Realistically speaking, throwing out Honganji doesn’t necessarily mean throwing out the Shinshuu faith entirely. Nobunaga had himself given clemency to some Shinshuu temples in his territories, after they swore that they’re not associated in any way to Honganji or the Ikko Ikki.
The branches don’t even like each other. The Takada branch of the Shinshuu and Honganji had multiple disputes with each other through history, from civil disputes like fighting over whose abbot gets to be awarded the post of the Most Reverend, to even proxy wars through samurai clans. Whichever side’s championed clan rules the land will run the other sect out of the territory and demands those who remained to convert into the other sect.
I'm quite sure this is a reference to Hideyoshi giving Mitsuhide a warning in Act 1. It could be incidental, but since she specifically said Hideyoshi and not the others, I think it might be purposeful.

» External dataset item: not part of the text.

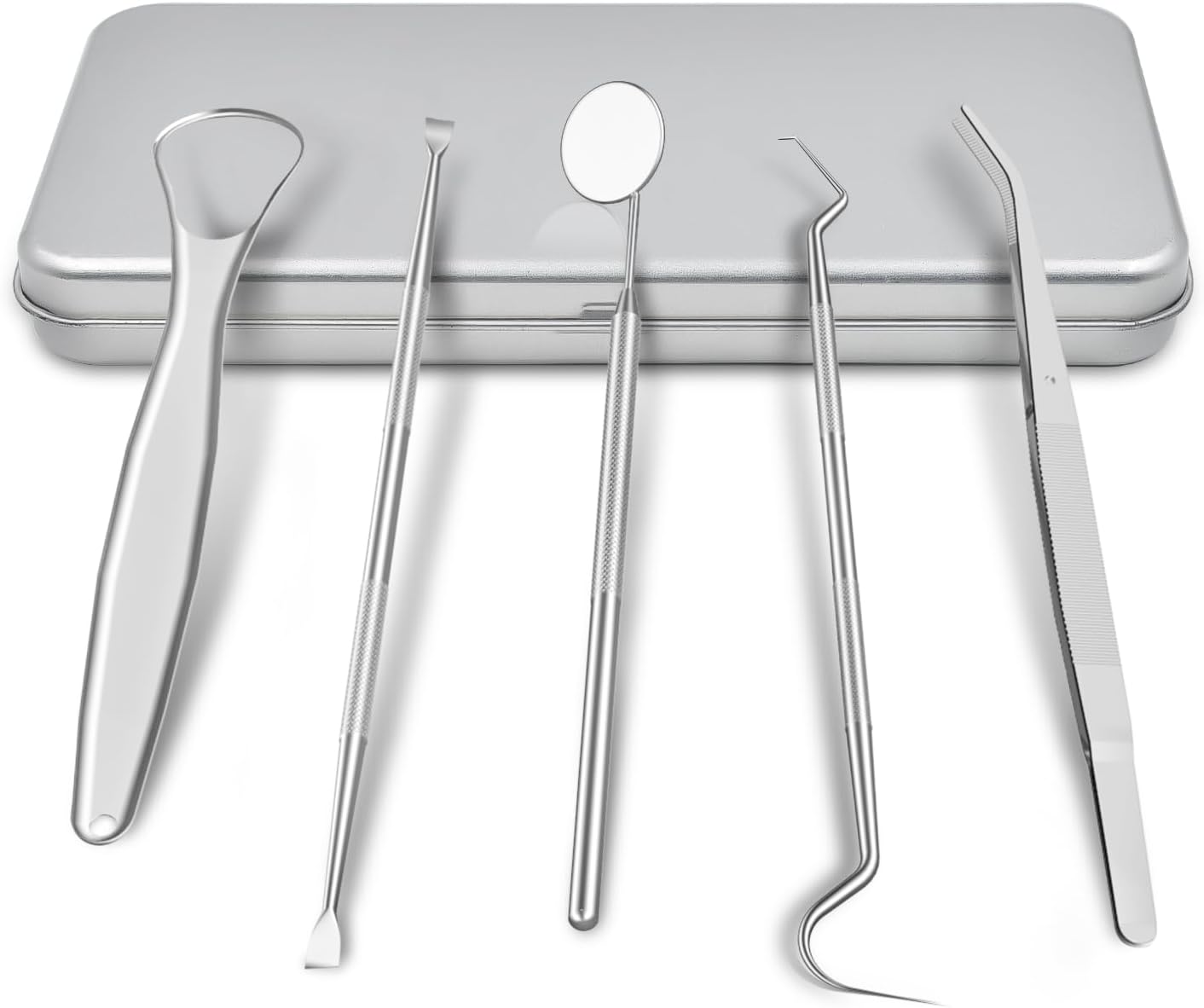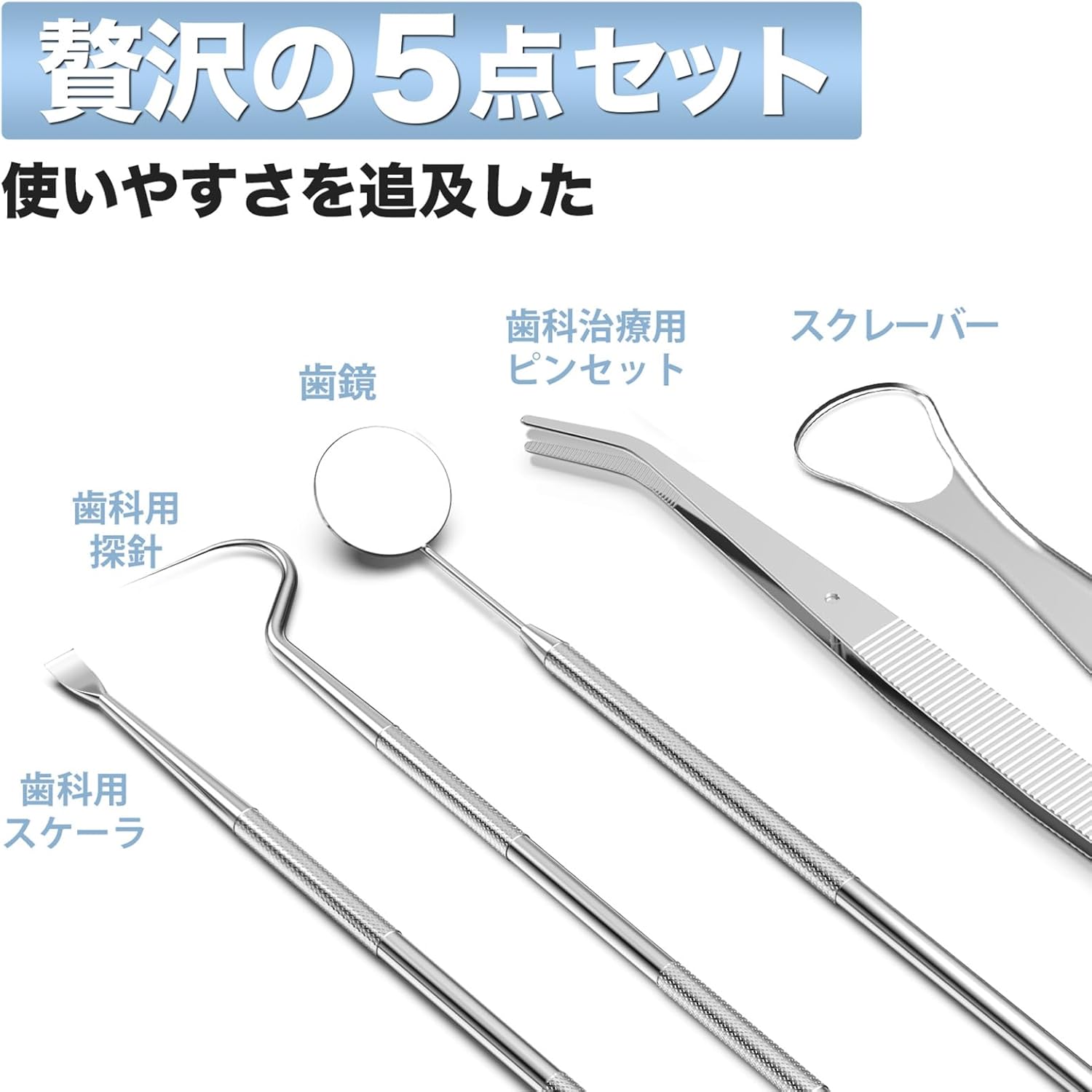 | パッケージ内容 | 1)歯科用スケーラ × 1 2)歯科用探針 × 1 3)歯鏡 × 1 4)歯科治療用ピンセット × 1 5)スクレーバー × 1 以上の5本セット +クッション付き収納ケース × 1 |

Unfortunately, when I first read the Act 1, the translation was in error and what Hideyoshi says is completely different in English. I haven’t replayed the Act 1 again to see if the translation has been changed since (hopefully it has), but I don’t have the screenshots of that scene anyway, so I will just provide the context here with quotes from the Japanese text.
In the final or epilogue chapter of Mitsuhide’s Act 1, after they dealt with Nagamasa’s betrayal, Hideyoshi dropped by and said this:
[自分は下賤の出から取りたててもらった恩があるから、信長様を裏切るようなら]
I’m indebted (to Nobunaga) because I’ve been raised (in rank) from my humble origins, so if anyone betrays Nobunaga-sama…
[光秀さんでも容赦しませんよ]
… I will not forgive them, even if it’s you, Mitsuhide-san.